UHP stresses importance of seat belts after deadly holiday weekend

Posted at 6:38 PM, May 26, 2015

SALT LAKE CITY — The Memorial Day weekend was a dangerous one on Utah roads.

There were nearly 200 crashes including one that killed a driver.

Utah highway patrol says the holiday weekend was a bad start to what they call the “100 deadliest days.” There has been a deadly or critical injury crash every day since Thursday.

“That’s a family that someone had to go inform them that their loved ones would never return home,” said UHP Col. Danny Fuhr.

Troopers responded a rollover Sunday near Capitol Reef National Park in Wayne County. UHP says the driver was not wearing his seat belt, was ejected from the car and died at the scene.

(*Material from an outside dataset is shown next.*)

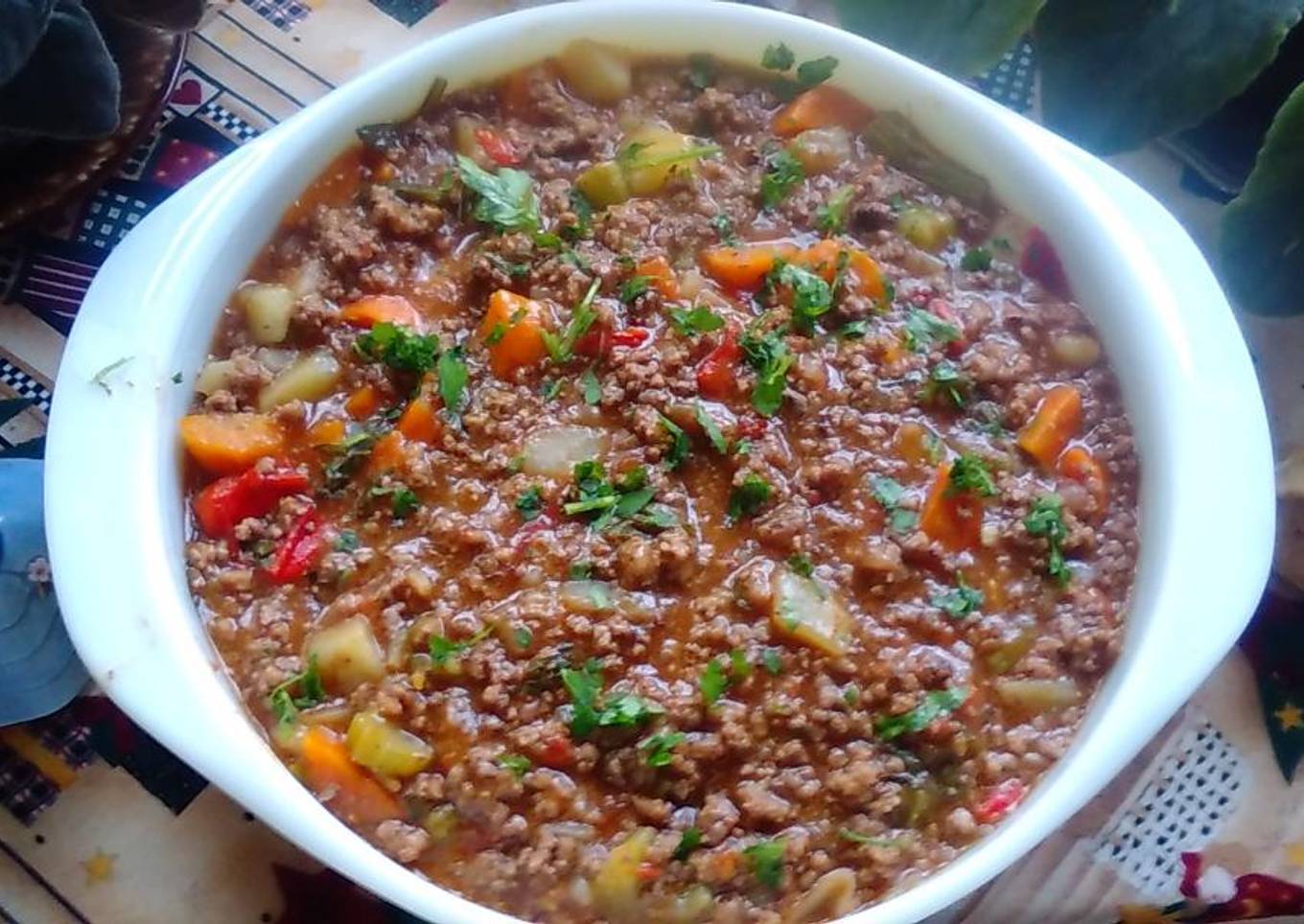 En mi blog tengo como 5 o 6 recetas parecidas pero revisando, cosa rara, aquí no tenía nada parecido. Esta es una versión que encontré por ahí muy parecida a las mías. Se presta para variar los vegetales y sazonar al gusto de cada quien. Se hace con carne molida de res, pero también se puede hacer con cerdo o cualquier otra carne que gusten. Aquí les digo como la hice. Se la recomiendo. Se puede acompañar con arroz blanco o una ensalada. #mirecetario

“We see a vehicle crash like this the one that occurred where the individual lost his life — we look at the cab of the vehicle and say, ‘this is survivable,’” Fuhr said.

Crash after crash, UHP says, not only could a life have been saved by wearing a seat belt but more than half of reported injuries over the weekend could have been less severe.

“There’s many in the hospital right now who are suffering critical injuries because of the result of not wearing a seat belt. Our hearts go out to the families,” Fuhr said.

This increase in crashes over the holiday weekend happened despite the more than 700 troopers patrolling Utah roadways.

“That’s what’s so hard for us because we’re working so hard to prevent that from occurring then to have it actually occur, it hurts,” Fuhr said.

But troopers say they did all they could to keep the roads safe.

Here are the number of stops and arrests made over the holiday weekend:

-4,380 vehicles were stopped

-55 DUI arrests

-2,729 speeding tickets issued

-612 seat belt violators educated

“If last year is a predictor we will average one death per day over the next 100 days — so help us. Wear your seat belts, wear your seat belt, wear your seat belt — we can’t stress it enough,” Fuhr said.

UHP plans to spend more than $100,000 to increase the number of patrols and DUI stops throughout the rest of the 100 deadliest days.